A sliver of wassonite, TiS, shown in this TEM image, was found in an old meteorite.

Reexamination of a 4.5 billion-year-old meteorite has revealed tiny deposits of wassonite, a new type of mineral. Named after chemist John T. Wasson, a meteorite expert at the University of California, Los Angeles, the mineral is reported to contain only titanium and sulfur. Although TiS has been synthesized in labs, it has never before been seen in nature. Keiko Nakamura-Messenger, Lindsay P. Keller, and Simon J. Clemett of NASA’s Johnson Space Center and their colleagues described the finding last month in Houston at the 42nd Lunar & Planetary Science Conference. The group used a transmission electron microscope and X-ray spectroscopy to study small pieces of the meteorite, finding a 50-nm-wide sliver of wassonite and identifying several other mysterious, and as yet unknown, substances in the surrounding material.
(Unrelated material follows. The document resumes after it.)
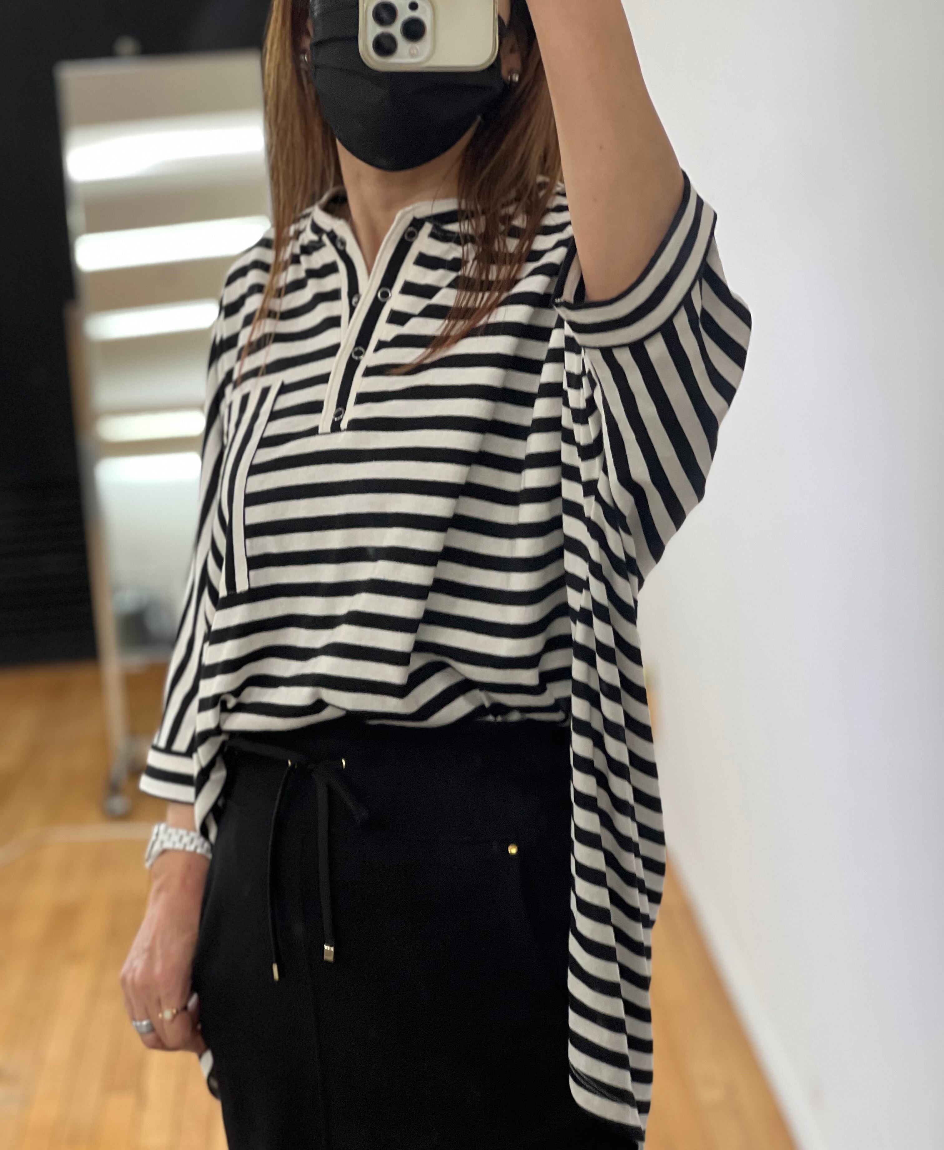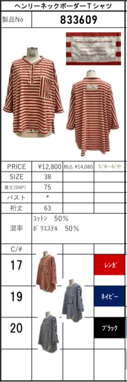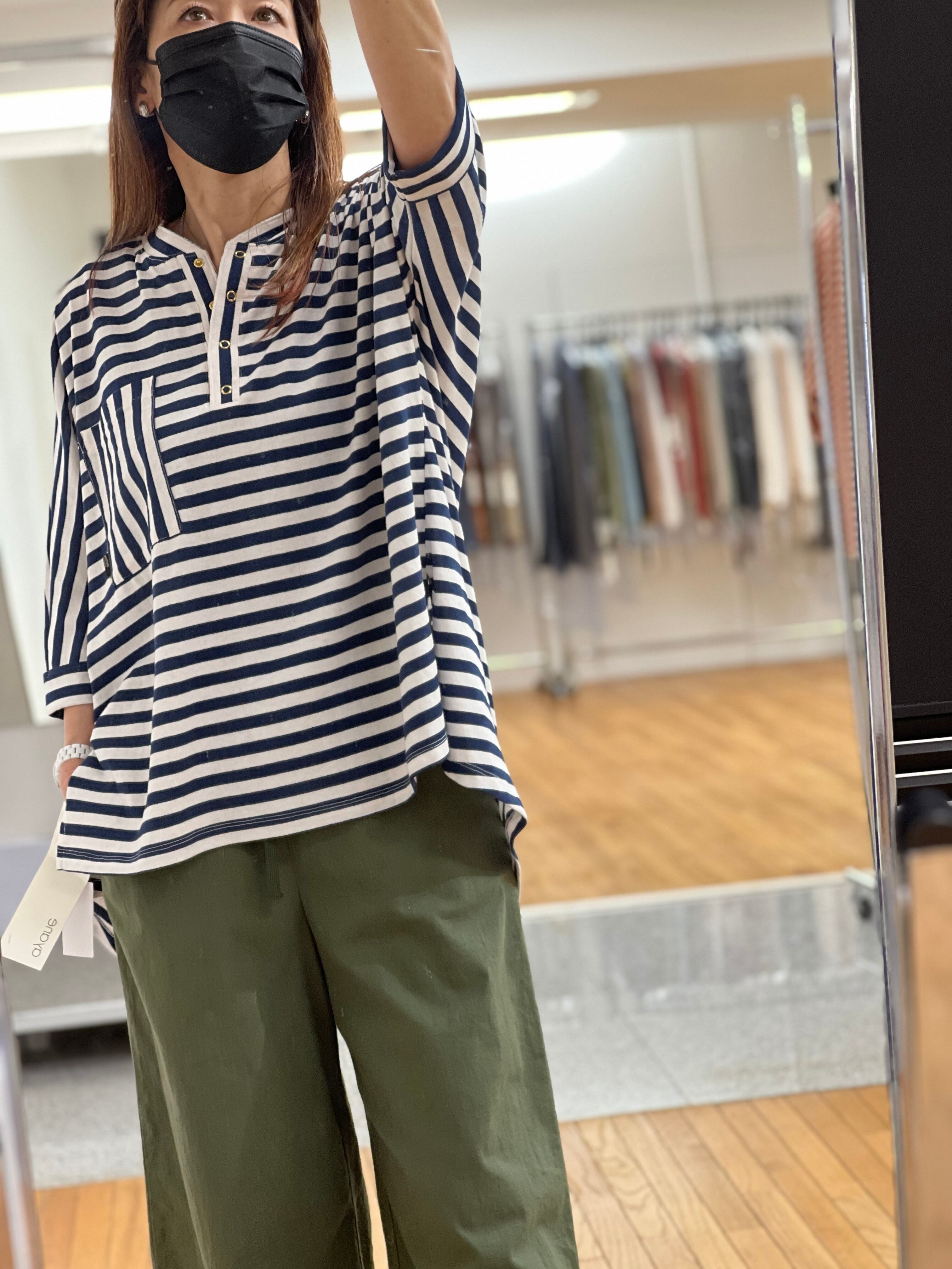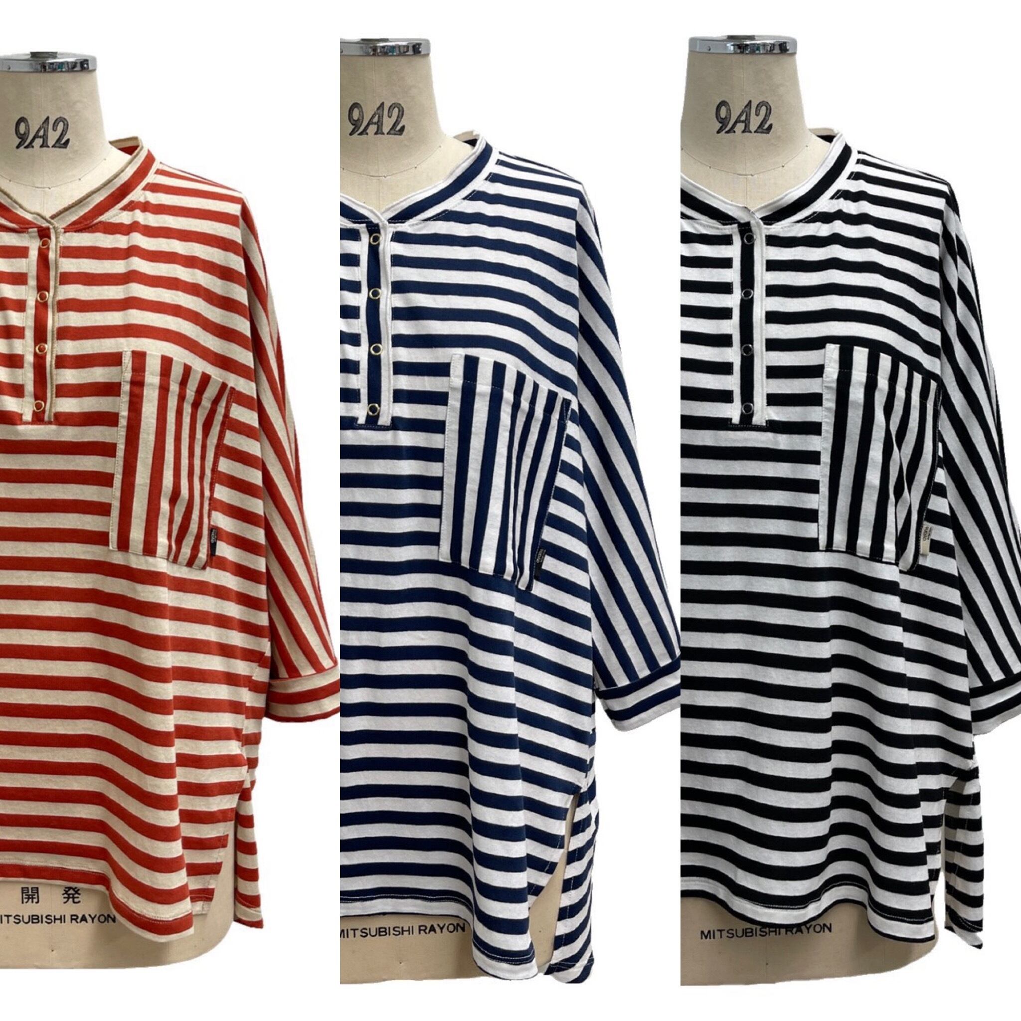 予約販売【 ayane 】ヘンリーネックボーダーTシャツ(833609)
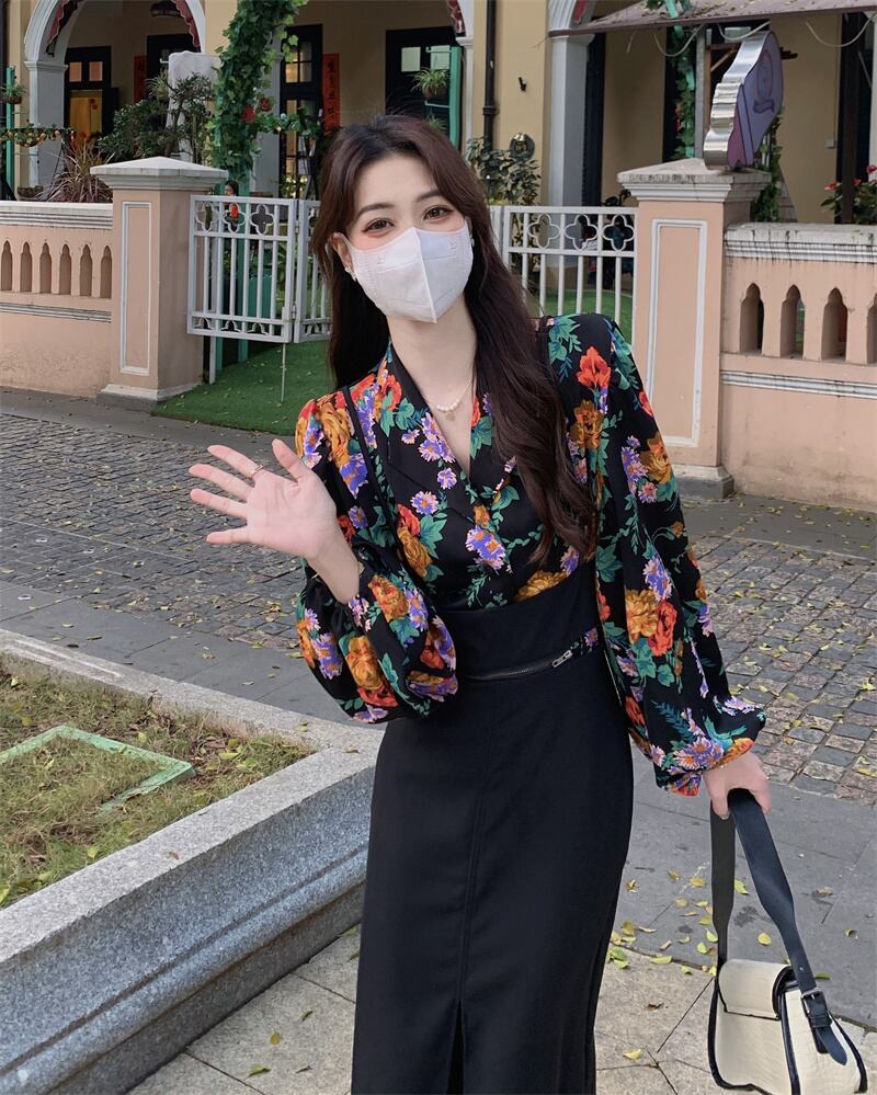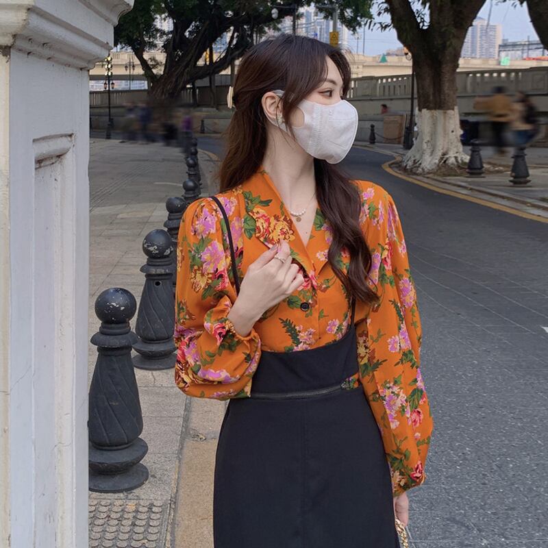 フローラルシャツ スプリング秋物スタンダードスタイルトップス ロング レトロ 春物 オータム 花柄 長袖 SYJ87648185484

The TiS grain found in the meteorite is a single crystal with a rhombohedral structure, the NASA scientists reported. The meteorite, Yamato 691, which was discovered in Antarctica in 1969, likely originated from an asteroid orbiting between Mars and Jupiter, they explained. “Meteorites, and the minerals within them, are windows to the formation of our solar system,” Keller said in a statement. “Through these kinds of studies we can learn about the conditions that existed and the processes that were occurring then.”